- Awaran Location within Balochistan, Pakistan Awaran Location within Pakistan
- Coordinates: 26°26′N 65°07′E﻿ / ﻿26.433°N 65.117°E
- Country: Pakistan
- Province: Balochistan
- District: Awaran District

Area
- • Tehsil of Awaran District: 13,075 km^{2} (5,048 sq mi)

Population (2023)
- • Tehsil of Awaran District: 45,774
- • Density: 3.5/km^{2} (9.1/sq mi)
- • Urban: 28,780 (62.87%)
- • Rural: 16,994 (37.13%)

Literacy
- • Literacy rate: Total: (42.90%); Male: (50.90%); Female: (34.92%);
- Time zone: UTC+5 (PST)
- Number of Union Councils: 3
- Main languages: 45,665 Balochi, 36 Urdu, 23 Sindhi
- Union Councils: Awaran Teertaj

= Awaran Tehsil =

Pakistani administrative area

Awaran (Note: , /ur/) is an administrative subdivision (tehsil) of Awaran District in southern Balochistan, Pakistan. It spans an area of approximately 13075 sqkm. In 2023, the tehsil's population stood at 45,774, dispersed across 59 settlements. Nearly two-thirds of its inhabitants reside in the tehsil's administrative centre Awaran town.

== Geography ==
Positioned between the northern edge of the Makran Coastal Range and the slopes of the Central Makran Range, Awaran tehsil covers roughly 13075 km2.
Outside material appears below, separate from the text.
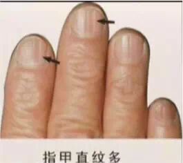 指甲纵纹——神经衰弱指甲上有数条明显纵纹表示长期神经衰弱、机体衰老的象征。
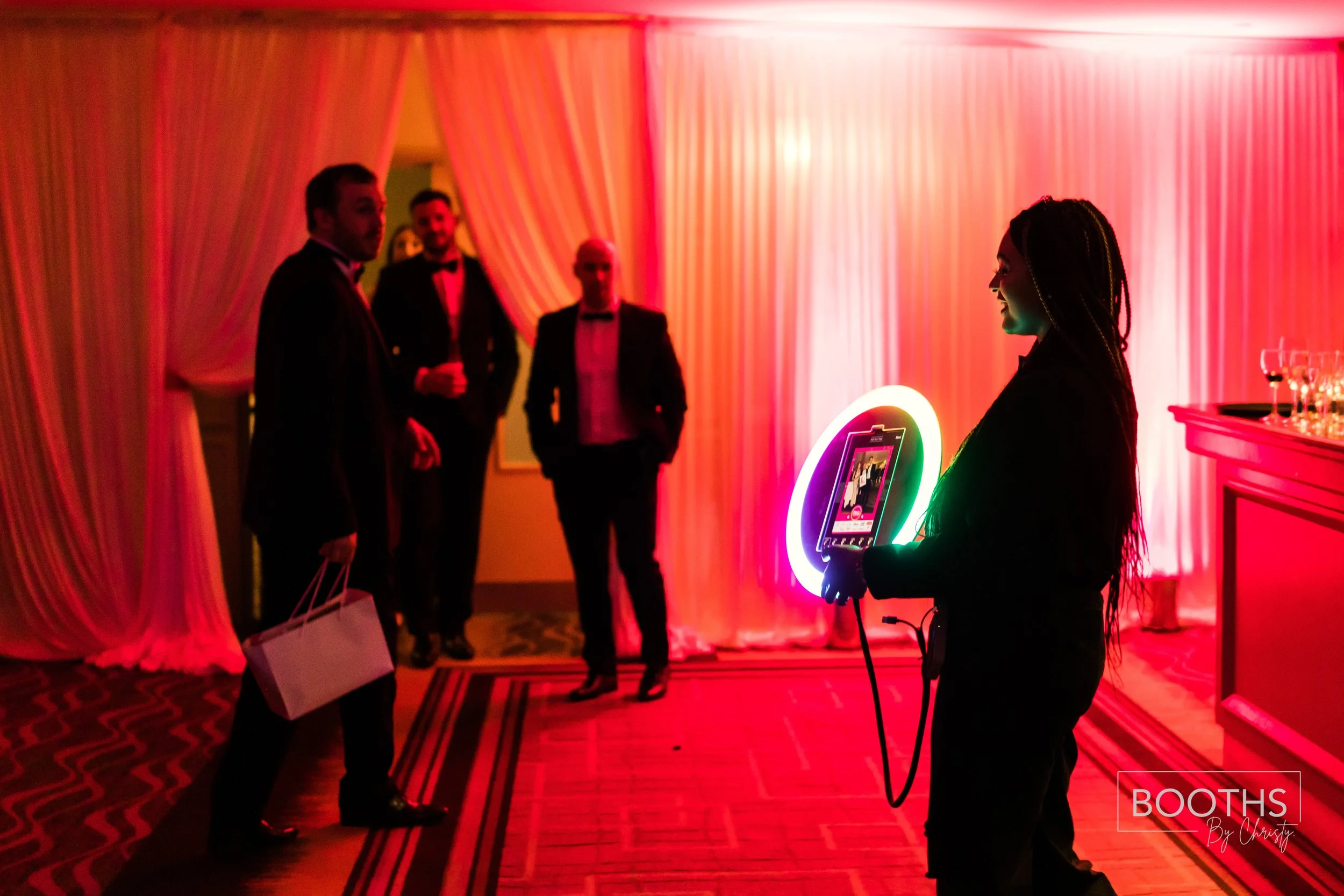 Imagine a photo booth that comes to you. Booths by Christy’s Roaming Booth is not confined to a corner—it moves with the moment. Our professional photographers glide through your event with sleek mobile devices, capturing spontaneous smiles, chic group shots, and behind-the-scenes magic in real time.

It borders Ormara Tehsil to the south and divides Gishkaur Tehsil into two parts to its east and west. On its northern-western side it shares boundaries with Hoshab, Gowargo, and Gichk Tehsils, while Mashkay Tehsil lies to the north and Jhal Jhao Tehsil to the east.

The landscape is largely uninhabited, hilly, and with elevations averaging around 1000 m. The terrain is arid, featuring ephemeral rivers and drought-resistant xerophytic vegetation. The 2013 earthquake caused notable structural damage across.

== Population ==

As per the 2023 national census, Awaran tehsil has a population of 45,774, with 16,994 people residing in rural areas and 28,870 urban areas. The town of Awaran serves as the tehsil headquarters. There are 6,471 households, 2,486 in rural and 3,985 in urban settings.

The overall literacy rate is 42.90%, including 50.90% among males and 34.92% among females, pointing to persistent educational disparities, particularly for women.

== Languages ==

Balochi is the overwhelmingly dominant language in Awaran Tehsil, accounting for approximately 99.76% of the population. Other languages include reported include Urdu (36 speakers, ~0.08%), Sindhi which is the Lasi dialect (23 speakers, ~0.05%), and Brahui (22 speakers, 0.05%). It is noteworthy that "Sindhi" in this context largely refers to Lasi, a distinct regional dialect spoken in the coastal areas of Balochistan.

==Infrastructure==
Infrastructure in Awaran Tehsil remains underdeveloped relative to national standards. Road connectivity is limited, with a few paved routes linking Awaran town to neighbouring tehsils, while many rural settlements rely on unpaved or seasonal roads that become inaccessible during heavy rains. Public transport services exist but are irregular and often inadequate for the needs of the population.

Basic services such as electricity and potable water are available in the main town but remain inconsistent or absent in outlying villages. Healthcare facilities are sparse, typically consisting of small basic health units or dispensaries with limited staff and equipment. Residents frequently travel to larger towns or cities for specialised medical care.

Telecommunications coverage has improved with the installation of cellular networks, though signal strength and internet access vary across the tehsil. Educational infrastructure consists primarily of primary and middle schools, with a few secondary institutions concentrated in Awaran town. The shortage of qualified teachers and school facilities further contributes to low literacy rates, especially in rural areas.